取得費加算額=納付した相続税額×(売却した株式の相続税評価額/相続財産の総額)

※相続財産の総額は、債務・葬式費用を含めません。

相続税申告書を用意して、こちらの『相続財産の取得費に加算される相続税の計算明細書』の説明の通りに転記していくと、取得費加算額が算出されます♪

 

>>ダウンロードはこちら(国税庁HP)

仮に、A社株式の取得費に加算される相続税額が「55」、B社株式の取得費に加算される相続税額が「50」と算出されたとします。

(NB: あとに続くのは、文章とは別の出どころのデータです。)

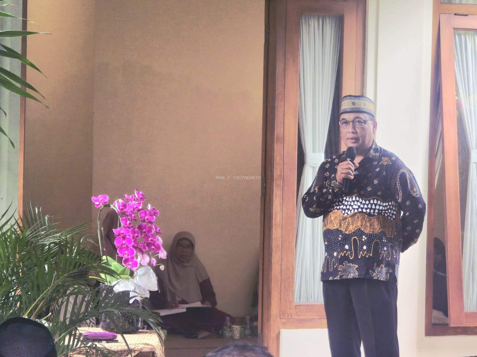 Yogyakarta (MAN 2 Yogyakarta) — Empat fase kehidupan manusia dalam perspektif Al-Qur’an menjadi tema utama pengajian As-Sakinah keluarga besar MAN 2 Yogyakarta yang digelar di kediaman Rini Wijayanti pada Sabtu, (25/10/ 2025). Kajian yang disampaikan oleh Prof. Dr. H. Agung Budiyanto, M.P., Ph.D. ini menghadirkan suasana yang hangat dan penuh tawa. Dengan gaya khasnya yang kocak namun sarat makna, Agung menguraikan perjalanan hidup manusia dari dunia hingga akhirat, membuat para jamaah larut dalam renungan sekaligus tersenyum penuh keakraban.

この金額をもとに、取得費に加算される相続税額を判定しましょう。

Point

取得費に加算することができる相続税額は、売却益が上限。

B社株式の「取得費に加算される相続税額」は「50」と算出されましたが、実際に加算することができるのは売却益の「10」までとなります!

C社株式は売却損がでているため、取得費加算の特例は使えません。

取得費加算の特例を使った結果、譲渡所得を200→135に減らすことができました♪

確定申告時の添付書類

確定申告時には、以下が必要です。

✓『相続財産の取得費に加算される相続税の計算明細書』の添付

✓『株式等に係る譲渡所得等の金額の計算明細書』の添付

✓申告書の特例適用条文欄に「措法39条」と記載

※相続税申告書は添付不要となりました。

取得費加算の特例は、所得税の負担を軽減できる特例ですので、適用要件に当てはまる方は是非とも使いたい制度です。相続した財産をご売却された際にはご相談ください♪

編集後記(橘の日常)

みなさま、新年あけましておめでとうございます!

昨年の12月18日に、税制改正大綱が発表されました。

相続税に関連する改正としては、貸付不動産(および小口不動産)の評価見直しが、2027年1月1日以降の相続・贈与に適用されていきます。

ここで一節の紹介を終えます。